#### [TASK]
Omit the pictures. Print each entry below exactly.

#### [DATA TO USE]

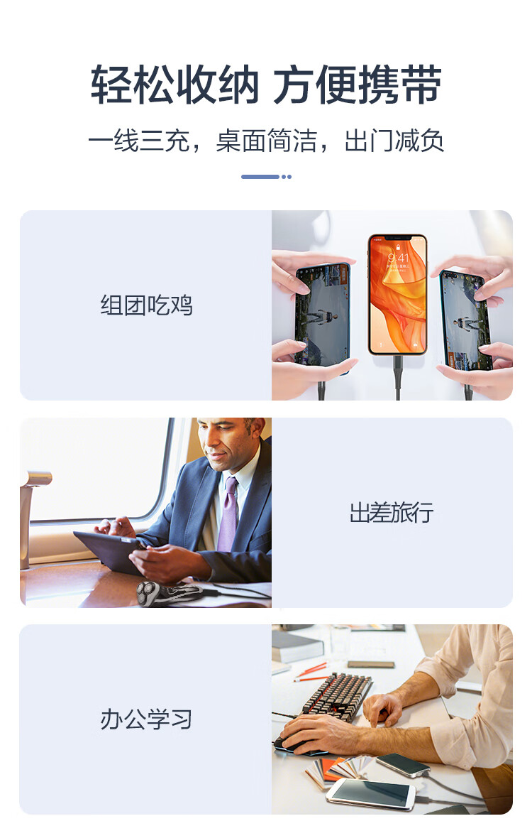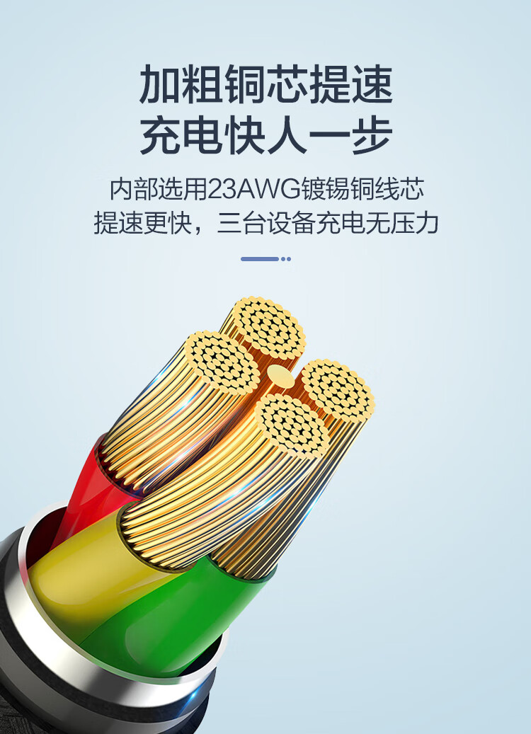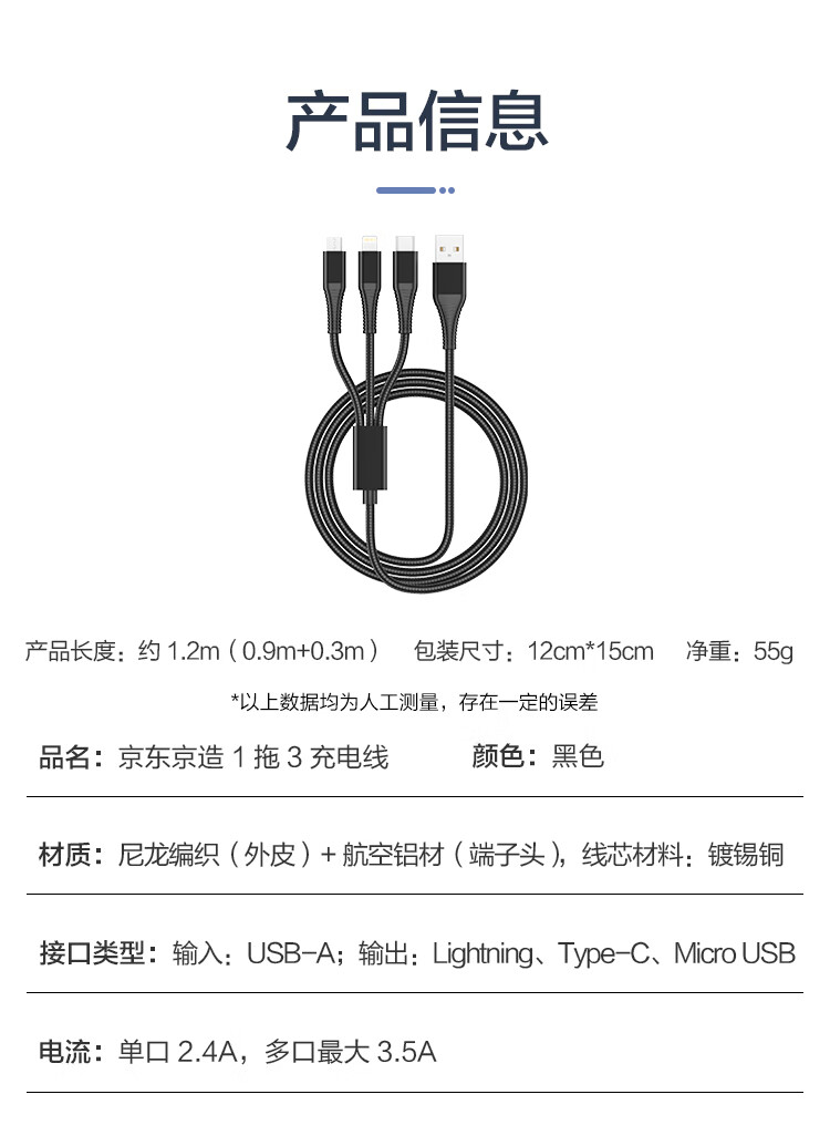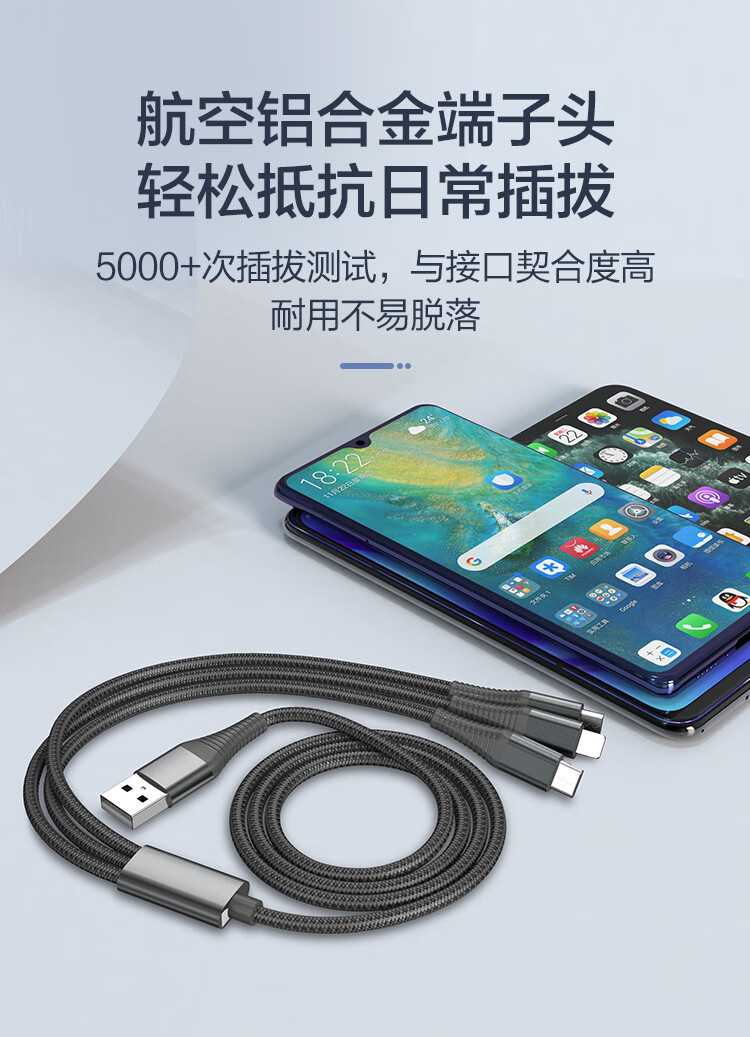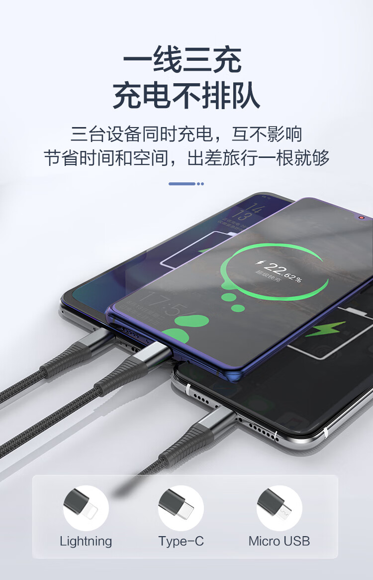 京东京造 三合一充电线快充多功能适用苹果Type-c安卓手机多头iPhone14/13/12小米华为一拖三车载 黑
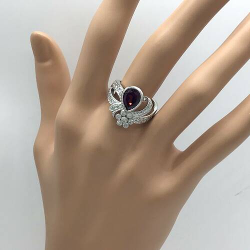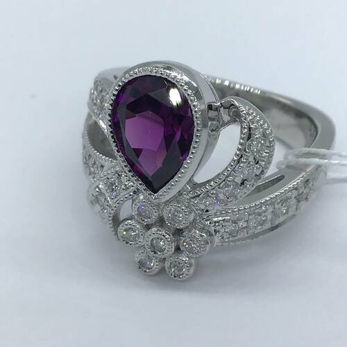 | コメント | 1月誕生石のガーネットは, 結婚18年目の記念石でもあり、変わらない絆の証としてガーネットを送ると言うのも素敵です。雫型のガーネットをプレゼントするようにリボンのデザインが可愛らしさがあります。また回りにダイヤモンドが豊富に施され豪華さもあるリングです。 |
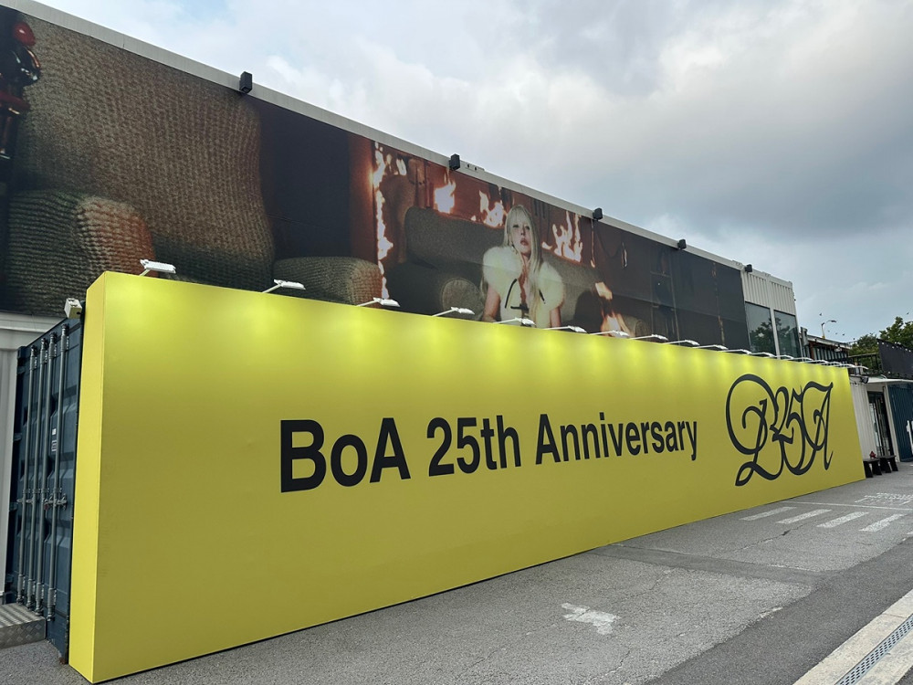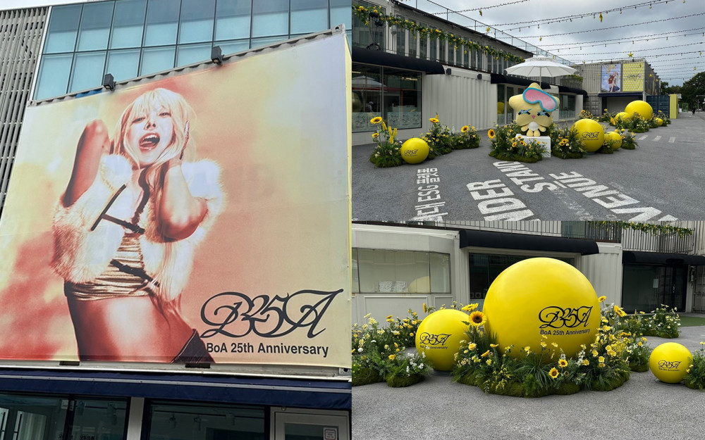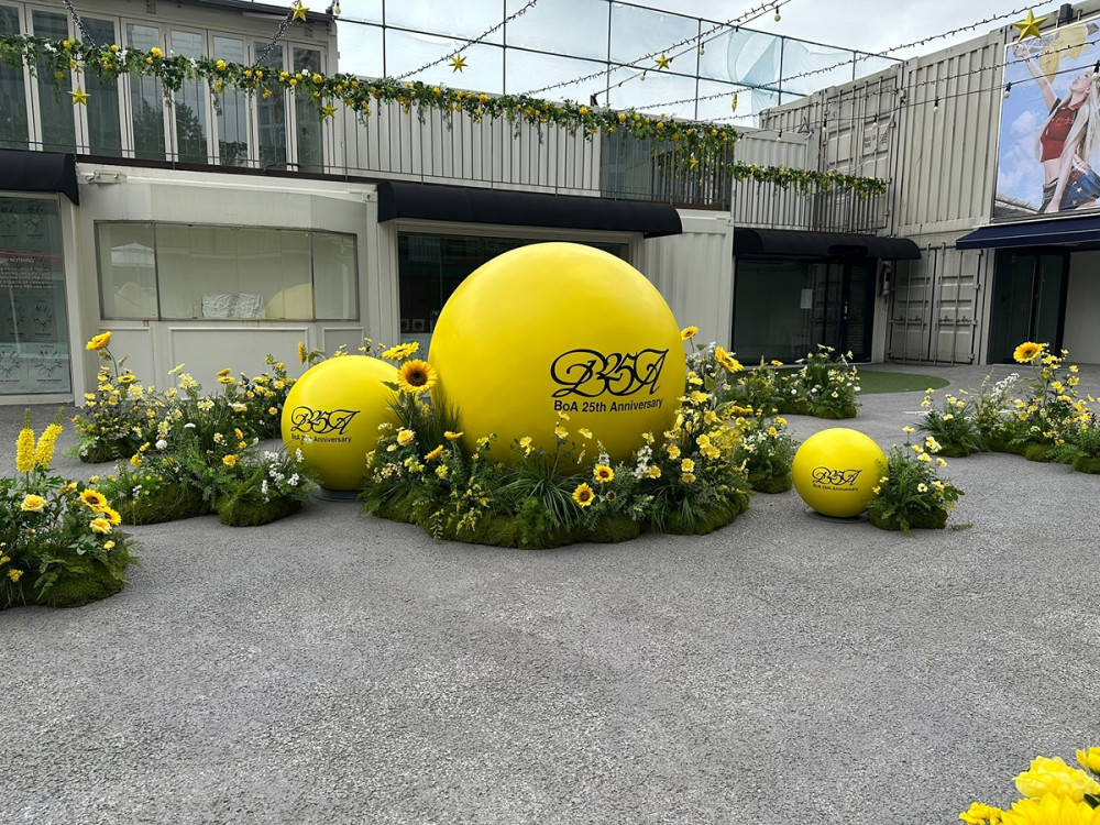 To honor the milestone, admirers decorated the area with eye-catching installations, including yellow sphere balls on the ground emblazoned with the phrase, "BoA 25th Anniversary," and a large billboard featuring the singer.
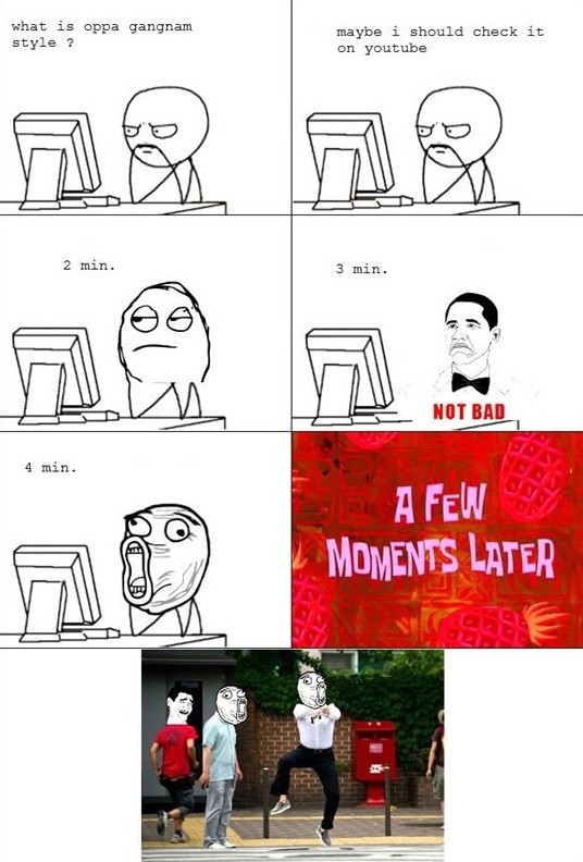 8일 온라인 커뮤니티에는 ‘강남스타일 중독 과정’이라는 카툰이 공개됐다. 처음에는 ‘강남스타일’이 뭔지 궁금해 하던 카툰 속 주인공이 2분, 4분 단위로 점차 달라지는 표정을 보인다. 궁금증에서 호기심으로, 이내 탄성으로 바뀐 카툰 주인공은 어느새 스스로 싸이가 돼 말춤을 추고 있는 것.
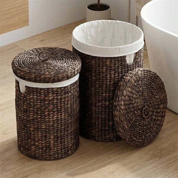 Vasketøjskurve - sæt m. 2 stk. i vandhyacint. Rund - MØRK
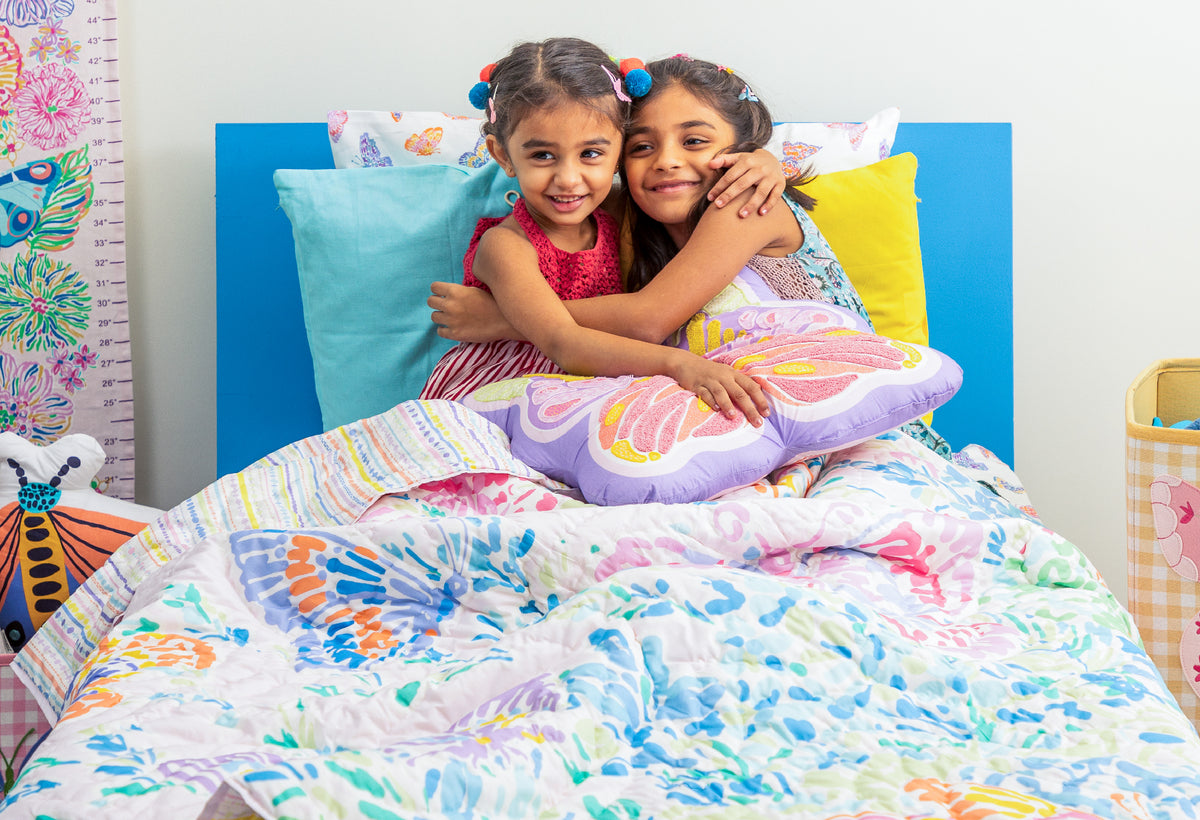 Sweet Dreams is a baby quilt that safekeeps all things pretty. Its pastel landscape and visuals of flight lead into gentle slumber. Holding your little one by the pinky, it is a promise for tomorrow.. Complete the journey with baby steps into A World Before Time

#### [ANSWER TO THE EXERCISE]
 京东京造 三合一充电线快充多功能适用苹果Type-c安卓手机多头iPhone14/13/12小米华为一拖三车载 黑
 | コメント | 1月誕生石のガーネットは, 結婚18年目の記念石でもあり、変わらない絆の証としてガーネットを送ると言うのも素敵です。雫型のガーネットをプレゼントするようにリボンのデザインが可愛らしさがあります。また回りにダイヤモンドが豊富に施され豪華さもあるリングです。 |
 To honor the milestone, admirers decorated the area with eye-catching installations, including yellow sphere balls on the ground emblazoned with the phrase, "BoA 25th Anniversary," and a large billboard featuring the singer.
 8일 온라인 커뮤니티에는 ‘강남스타일 중독 과정’이라는 카툰이 공개됐다. 처음에는 ‘강남스타일’이 뭔지 궁금해 하던 카툰 속 주인공이 2분, 4분 단위로 점차 달라지는 표정을 보인다. 궁금증에서 호기심으로, 이내 탄성으로 바뀐 카툰 주인공은 어느새 스스로 싸이가 돼 말춤을 추고 있는 것.
 Vasketøjskurve - sæt m. 2 stk. i vandhyacint. Rund - MØRK
 Sweet Dreams is a baby quilt that safekeeps all things pretty. Its pastel landscape and visuals of flight lead into gentle slumber. Holding your little one by the pinky, it is a promise for tomorrow.. Complete the journey with baby steps into A World Before Time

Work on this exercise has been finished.